The Pacific Northwest Muslim Impact Project
Mapping Global Muslim Impact City by City
Since the founding of the Center for Global Muslim Life in 2020 we have been building toward this big idea of mapping the 100 cities of global Muslim impact. In our time when we see all the problems of the nation-state, we can see clearly that impact is best measured, and power is most effectively moved through cities. We will be publishing our full list of these 100 cities later this year, but to launch something this big we have to first test it and pilot it on a much smaller scale.
This past summer we moved to Seattle which has been the fastest growing city in the United States over the last five years. Starting this Ramadan we are going to initiate our public work in Seattle for the Center for Global Muslim Life through a series of workshops, events, and publishing for the Seattle Muslim Impact project. Our goal is for this work to reach throughout the Cascadia corridor from Portland, to Seattle, and across the Canadian border in Vancouver.
At the core of this work in narrative change is changing the story our community is telling about ourselves both internally and externally to lead towards building ecosystems for power building. We are looking for partners in this work, and lead donors to put further seed funding into these projects, and we are actively working on and have submitted a set of grants for these projects. The work that is ahead of us can only be built through coalitions and movement building, it will not be enough for us to lead with only our individual organizations.
Seattle, as one of the fastest-growing cities in the United States over the last five years has experienced rapid change and the growth of Muslim communities in this region, and this growth and transformation has not been explored in depth before.
We are launching seven key projects in the region:
We are working on a national report on the state of the field of Muslim organizing and all the rapid response work being built across the US. This report will include several key case studies showing how Muslims have built power, with one of the key examples being the Muslim Coalition of Minnesota. One of the key conclusions of this report will look at how this model can be replicated in places like Seattle.

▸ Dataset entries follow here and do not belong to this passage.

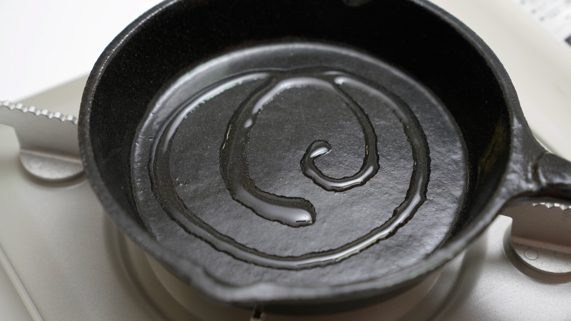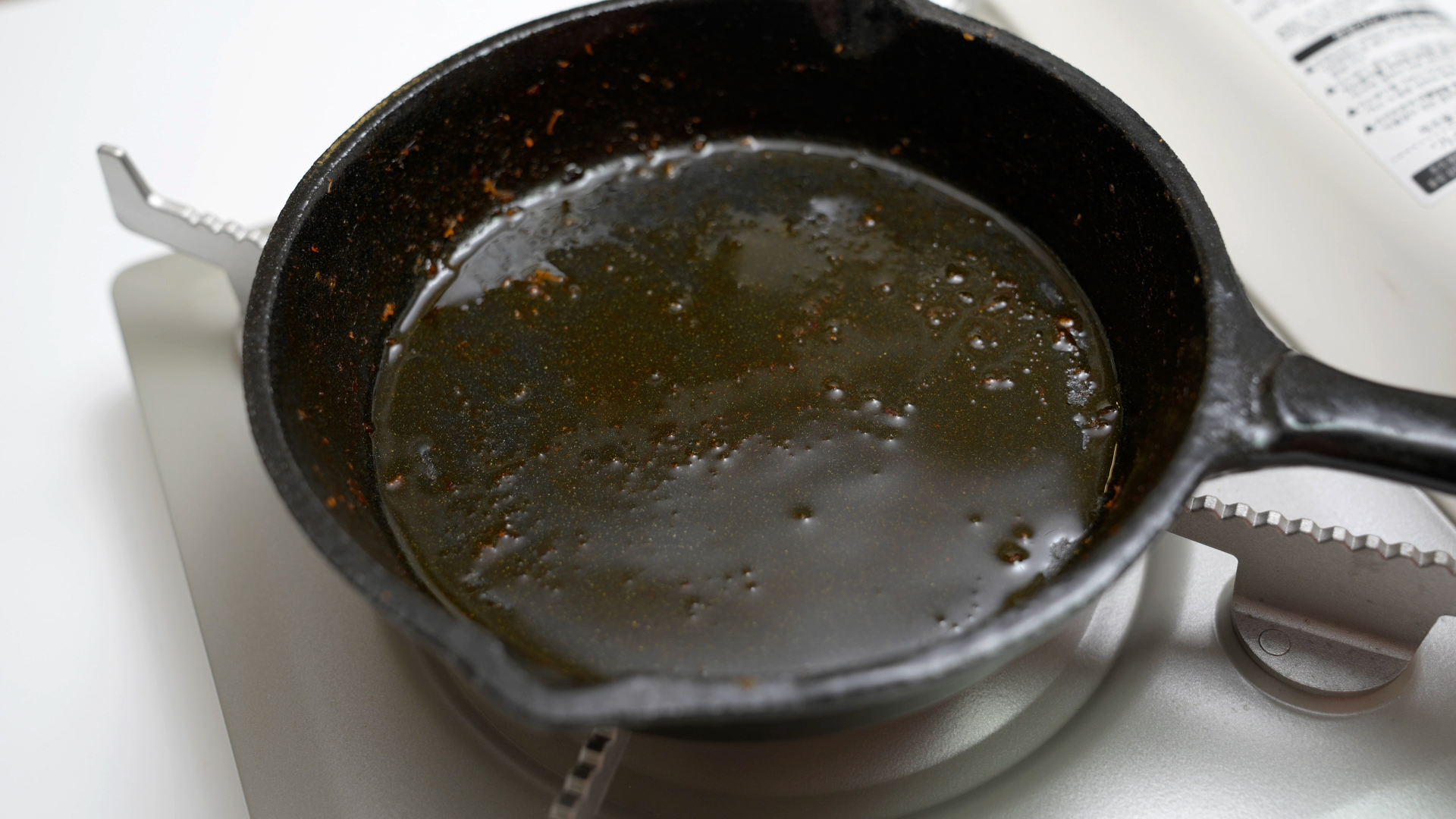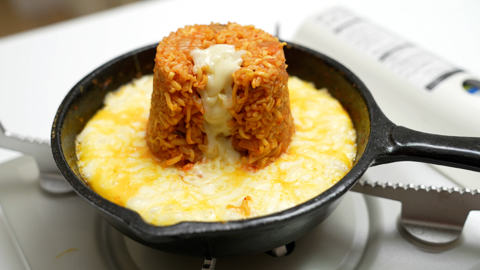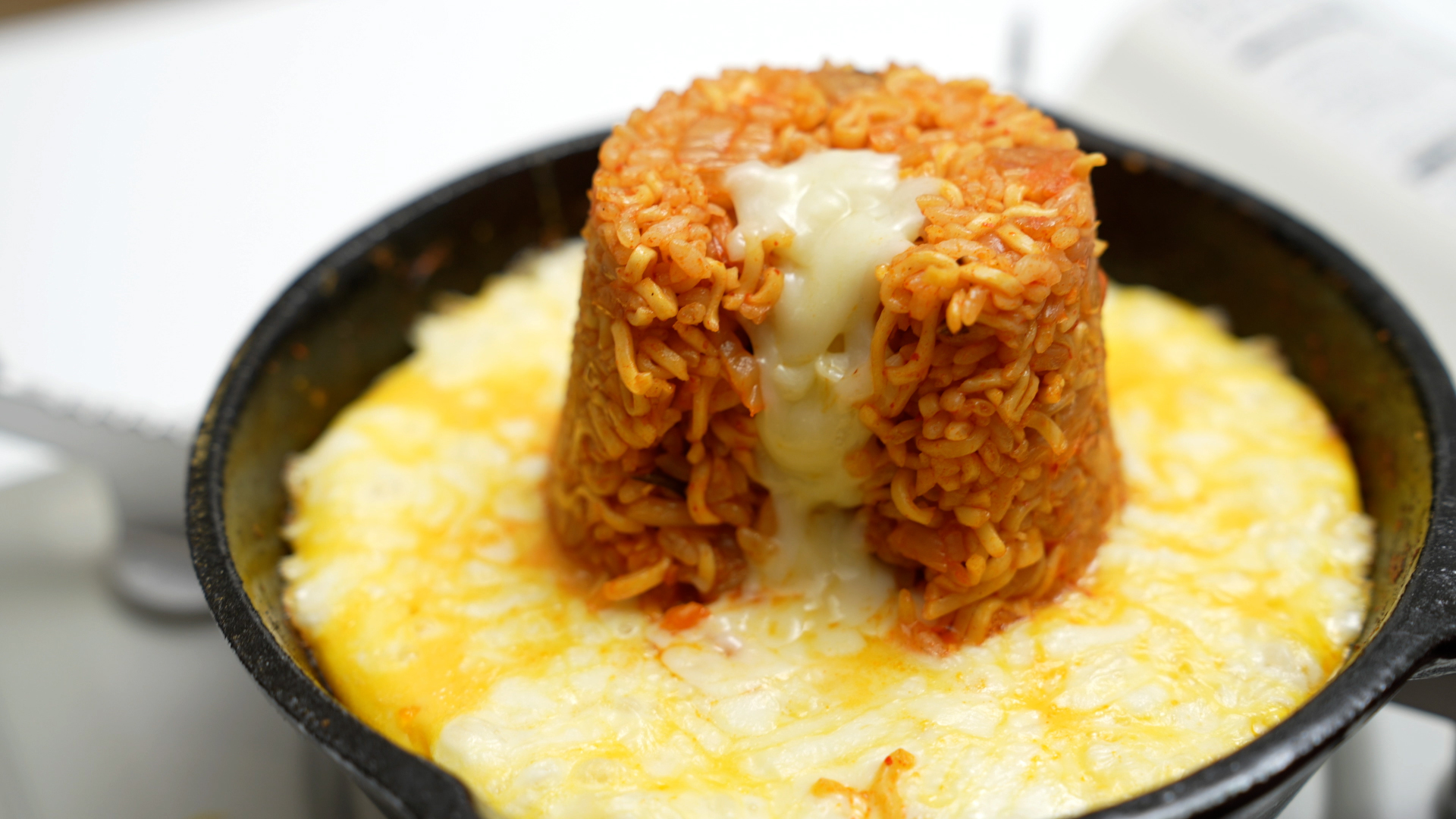 기름 두른 팬에 꾹꾹 누른 컵밥을 뒤집어 올리고,
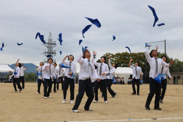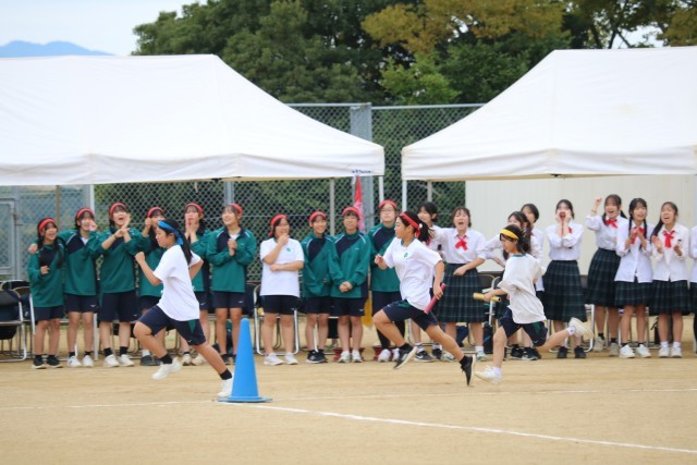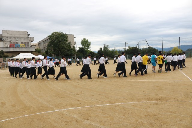 10月25日(土)、第48回紀見東中学校体育祭が実施されました。心配されていた天候もなんとかもって、最後まで競技を実施することができました。今回のスローガン「全力界隈」のもと、生徒みんなが全力で競技し、体育祭を盛り上げてくれました。応援合戦では、どの色組もすばらしいパフォーマンスを演じてくれました。閉会式での団長さんのあいさつで、感極まって涙を流す生徒もいました。
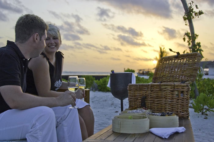 романтический ужин для пары из 3-х блюд, включая вино и декорацию цветами на частном острове
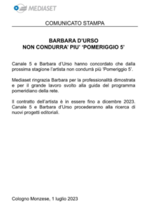 Tittavia, contratto dell’artista è in essere fino a dicembre 2023. Canale 5 e Barbara D’Urso procederanno pertanto “alla ricerca di nuovi progetti editoriali”, che vedranno coinvolta l’artista. Scatta, dunque, il totonomi, in attesa di sapere chi prenderà il posto dell’amata conduttrice.
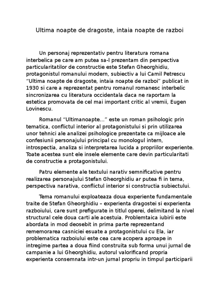 Caragiale camil petrescu sau marin sorescu. în elaborarea eseului vei avea în vedere următoarele repere. Stefan gheorghidiu caracterizarea personajului literatura romana comentarii fișă de lectura rezumat eseu cărți de specialitate stefan gheorghidiu caracterizarea personajului protagonistul stefan gheorghidiu indentificandu se cu autorul camil petrescu in totalitate este un personaj in totalitate narator deoarece relateaza la persoana i si analizeaza cu luciditate evenimentele si. Caracterizarea lui gheorghidiu ultima noapte de dragoste întâia noapte de război caracterizare.
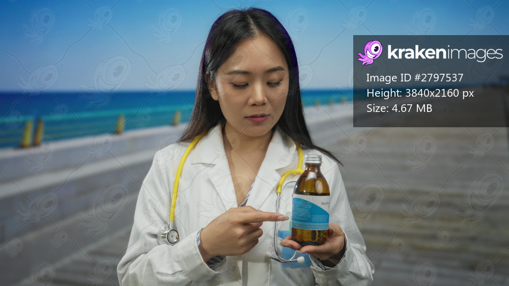 Young chinese woman doctor with stethoscope holding medication outdoors on a seaside promenade.
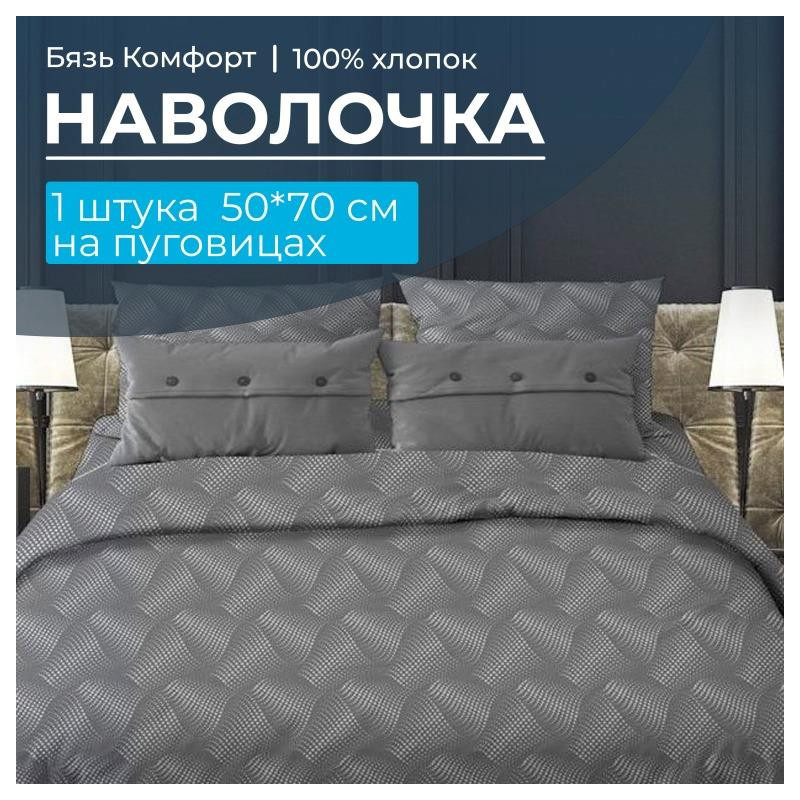 Наволочка 50х70 (1шт) бязь Комфорт на пуговицах Иллюзия серый
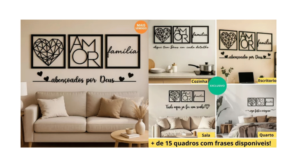 Decorar a casa com estilo sem gastar muito é o desejo de muita gente — especialmente quando buscamos um ambiente mais aconchegante, moderno e com personalidade. Se você sente que sua parede está “sem vida”, que falta charme no quarto ou na sala, e quer transformar o ambiente gastando pouco, o Kit 3 Quadros Cabeceira Família Coração Geométrico + Frase Decorativa pode ser exatamente o que faltava.
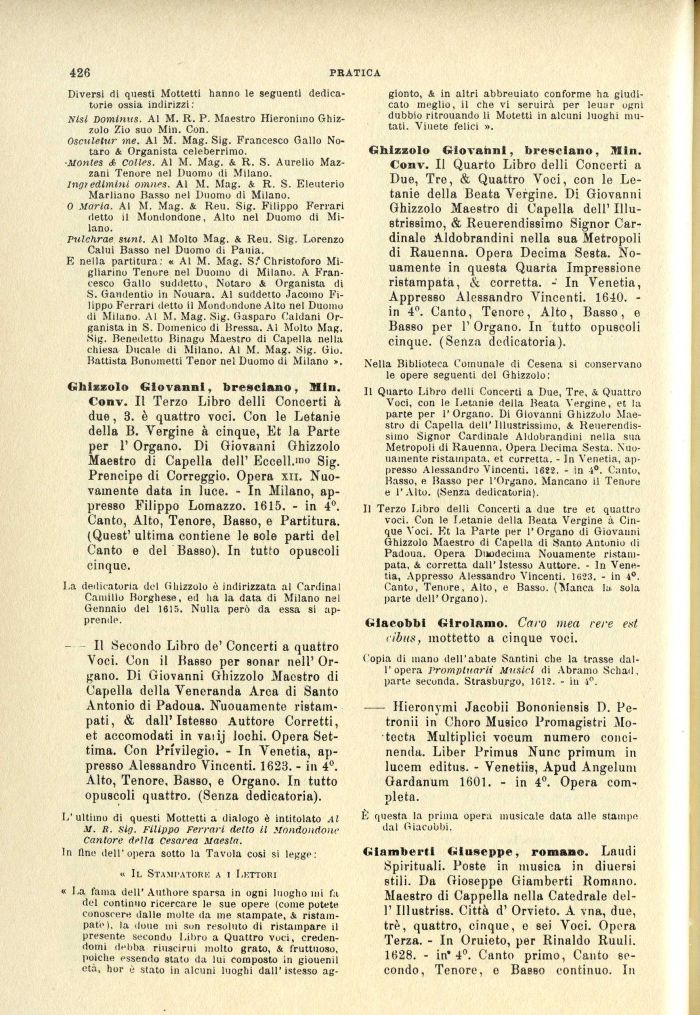 Ghizzolo Giovanni, bresciano, Min. Conv. Il Quarto Libro delli Concerti a Due, Tre, & Quattro Voci, con le Letanie della Beata Vergine. Di Giovanni Ghizzolo Maestro di Capella dell' Illustrissimo, & Reuerendissimo Signor Cardinale Aldobrandini nella sua Metropoli di Rauenna. Opera Decima Sesta. Nouamente in questa Quarta Impressione ristampata, & corretta. -' In Venetia, Appresso Alessandro Vincenti. 1640. -in 4°. Canto, Tenore, Alto, Basso, e Basso per 1' Organo. In tutto opuscoli cinque. (Senza dedicatoria).
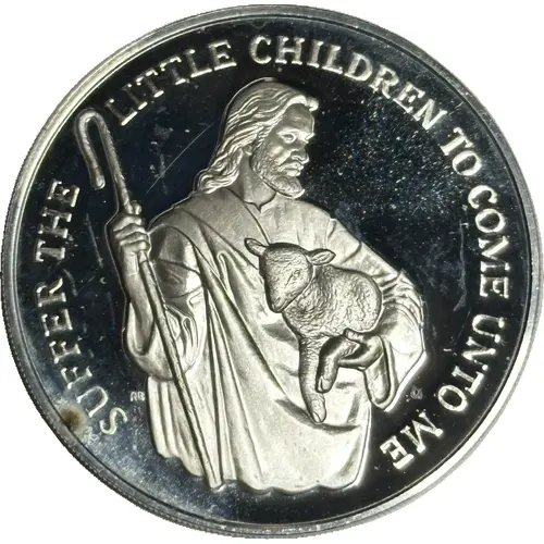 | Obverse lettering | SUFFER THE LITTLE CHILDREN TO COME UNTO ME RB |
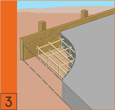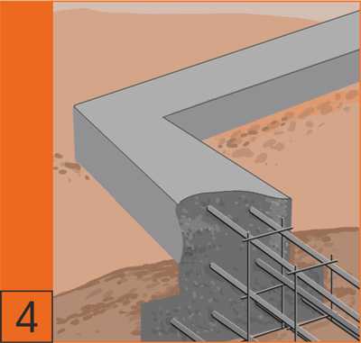 4. Ленточный монолитный армированный фундамент является наиболее распространенным. Глубина заложения, количество стержней арматуры и ее сечение определяются проектом. Рекомендуем применять стальную арматуру.
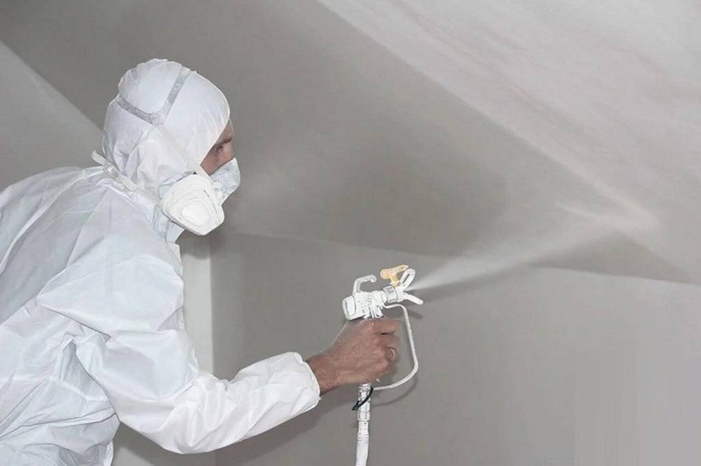 - полученным раствором обрабатывается рабочая поверхность. Не распыляйте состав сразу на всю поверхность. Потолок обрабатывается постепенно, по 3 или 4 квадратных метра;
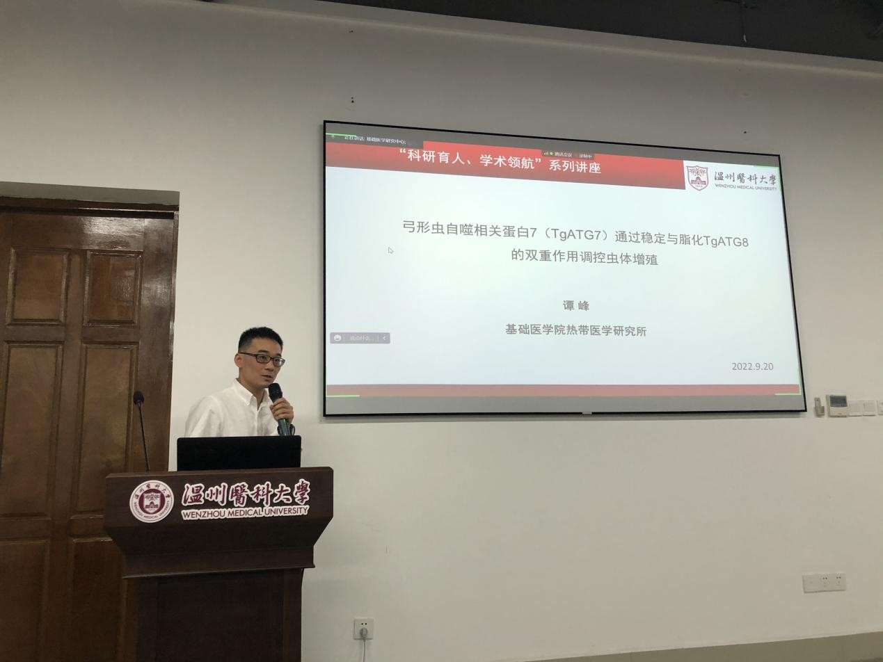 活动第二个主题,“弓形虫自噬相关蛋白7(TgATG7)通过稳定与脂化TgATG8的双重作用调控虫体增殖”,谭峰教授介绍了顶质体在弓形虫的生长发育作用,探讨了TgATG7与TgATG8互作调控弓形虫的增殖,维持体内自噬水平的稳态机制。
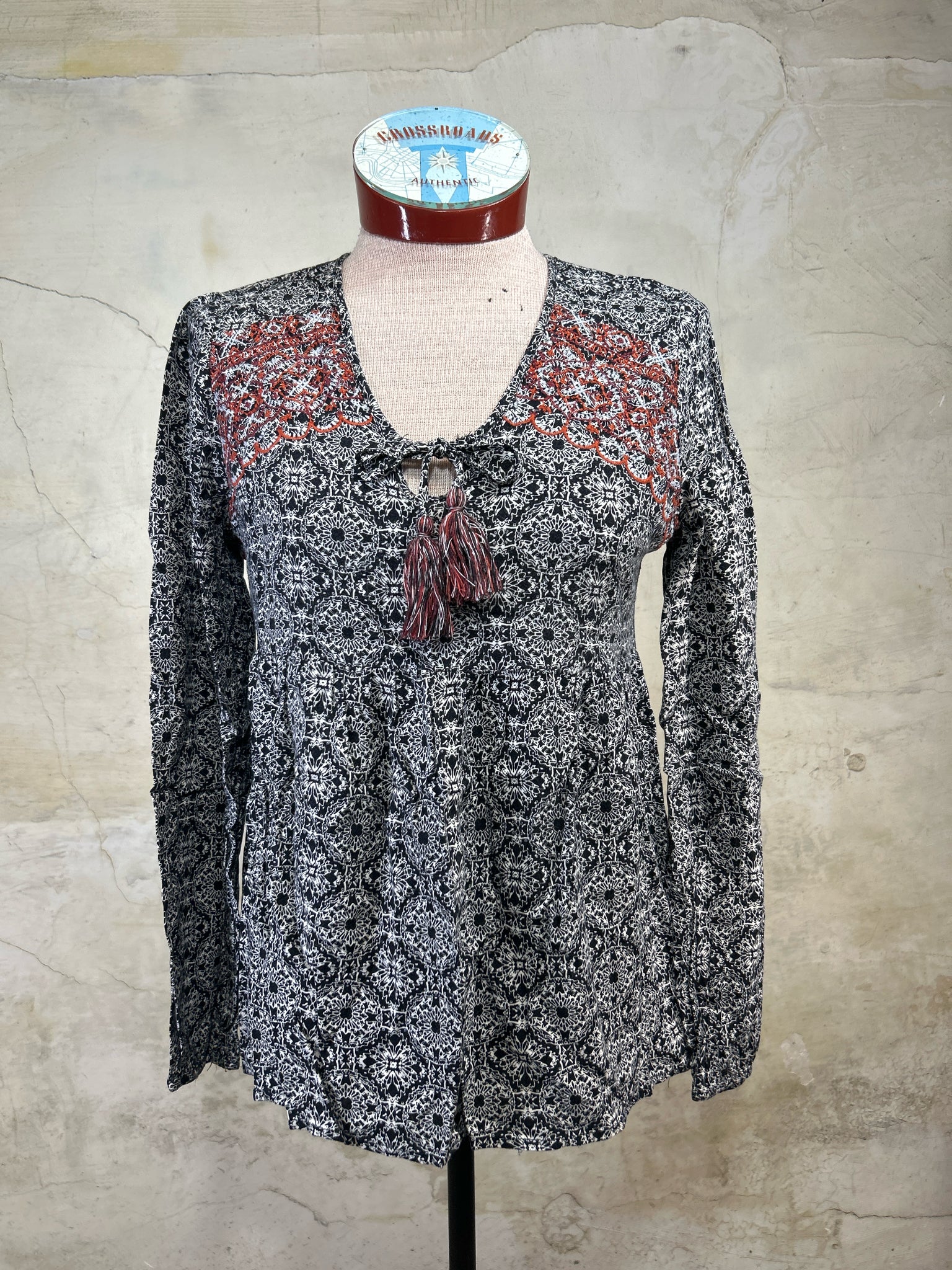 Size XS KNOX ROSE Black Print Long Sleeve Shirt - Black Print / XS is backordered and will ship as soon as it is back in stock.
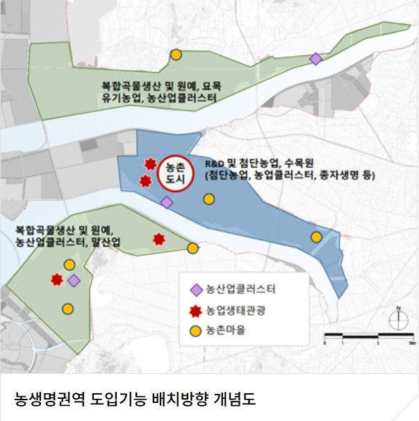 새만금개발청은 이 농생명권역을 "첨단농업 시험연구, 농산업클러스터, 스마트팜 조성 등을 통해 고부가 스마트농업의 전진기지로 활용하며 밀·콩 등 수입 의존이 높은 작물 생산으로 자급률 제고하고, 식품산업의 안정적 원료 조달 및 친환경 농산물 공급하며 수목원·농업테마파크·말산업 등을 연계한 농업생태관광 및 쾌적한 농촌 정주공간으로 조성하겠다"고 밝히고 있다.

We are preparing to launch our 2024 edition of 100 Global Muslim Startups list for 2024 the week of March 1st at MAPS Seattle. As part of this edition of the Global Muslim Startups list we are featuring 20 companies from Seattle who have been named to the list over the years in a discussion around building the Muslim community's economic power.
We have been working on a workshop on the Future of Global Muslim Life, addressing the current situation we are living in and possibilities for power building. This workshop will feature the PNW Prayer rug project that we partnered with Wasat on, and I will begin conducting these workshops in Seattle in the coming months. This workshop will also include a training on public narrative in how we tell our stories in public as so many Muslims are doing right now in response to genocide in Gaza at city halls and local school district meetings.
Mapping Muslim Impact digital map launching before Ramadan. You can preview an early version of it here where we collated Masajid, Musalas, Muslim-owned businesses, Muslim wellness resources, Islamic schools and daycares. Part of this will also be looking at the key areas in the region where there is a lack of access to public prayer spaces. Prayer access here will be seen as a barometer to full belonging for Muslim communities living in these cities we are researching.
Building on more than six months of research, we are writing the Seattle Muslim Impact report examining key ways Muslims are impacting this region through politics, business, technology, as refugees, through arts and culture, spirituality, and sport. We will be writing several case studies as part of the report about opportunities for power building in Seattle as well as emergent organizations and business models unique to Seattle.
During Ramadan 2024 we will launch the early results of this research at our first Seattle Iftar at Seattle City Hall. This event will be a unique public iftar with key Muslim leaders, and leaders from throughout Seattleās political and philanthropic communities.
In the late spring and early summer we will host several youth summits in Seattle and Vancouver with the hopes of building toward a year-long cohort-based youth leadership program that we will be launching with Ahsen Youth in the summer of 2025.